Alternatively, to decide if you’re comfortable with triple washing, you must recognize that there are chemicals, the same ones you use to clean your pool or whiten your clothes (albeit much diluted versions), being applied to your food. Some buyers also feel that triple-washed greens have a slightly “off” taste when compared to fresh-harvested produce, and the chemical wash is one of the factors that may be attributed to this. As we’ve stated before, this wash does not surface sanitize produce, so there is no guarantee that these greens are “safe” as a result of the wash, and, in fact, there have been deadly outbreaks of salmonella, listeria, and other food-borne illnesses linked to pre-washed, triple washed, and ready to eat packaged salads.

Subsequently, consumers should know that the label is there to indicate convenience and a lower “grittiness” of the salad, that it does not stand for any health claims, and that it is a marketing tool. The advertising of convenience also distracts consumers from the fact that these packaged salads are often being transported thousands of miles to their grocery stores, and that they’re one-to-two weeks old by the time that they even get onto shelves.

Ultimately, it’s up to the buyer to determine what they value when purchasing produce. Our goal is to demystify some of that decision making process for you.

FreshBox Farms’ Solution

Here at FreshBox Farms, we grow all of our greens using hydroponic technology in a clean and contaminant-free, indoor environment. This means that we grow without soil, and have no need (or desire!) to apply pesticides, fertilizers, or other nasty chemicals to your food. Our farm and team members adhere to the highest standards of sanitation, and ensure that our greens are incredibly clean from seedling to packaging.

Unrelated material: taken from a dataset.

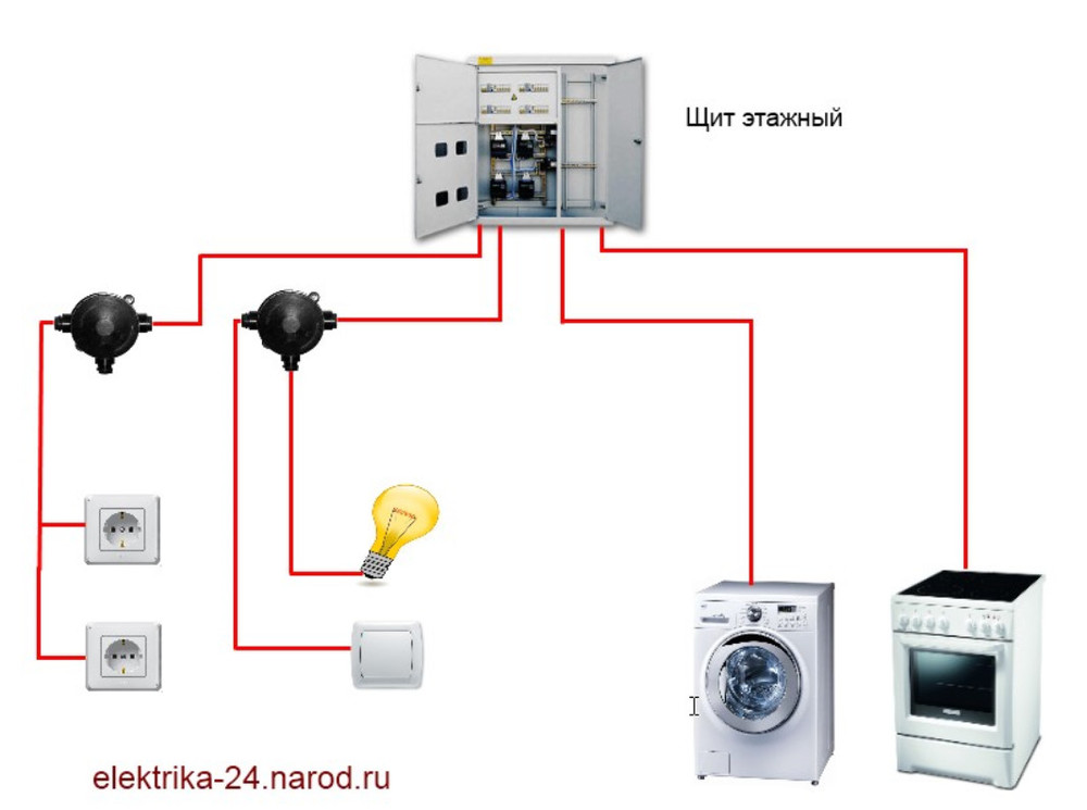 На остальные розетки в квартире можно пробросить общий кабель до распределительной коробки, а от нее уже выполнить разводку кабелем на каждую розетку или блок розеток. С освещением поступим так же, на коробку бросим общий провод, а от коробки сделаем разводку к светильникам и выключателям.

Because our plants are cultivated in a soil-less environment, there is never any debris or “grit” that becomes incorporated into the ridges of the produce, unlike in traditional farming. As a result, there are no undesirables to wash off — only pure, good food — so we choose not to wash our lettuces. We feel that adding extra stages of processing before our clean product gets to you offers no added benefit, and only creates opportunities for cross-contamination from outside sources.

So, when you make The Thoughtful Choice and buy FreshBox Farms, you can always feel confident that you’re receiving good, wholesome food. Should you choose to wash our greens, please do so under cold running water in a sink that has been sanitized to avoid the risk of cross-contamination. And never soak or store the greens in water. Stay safe and enjoy that salad!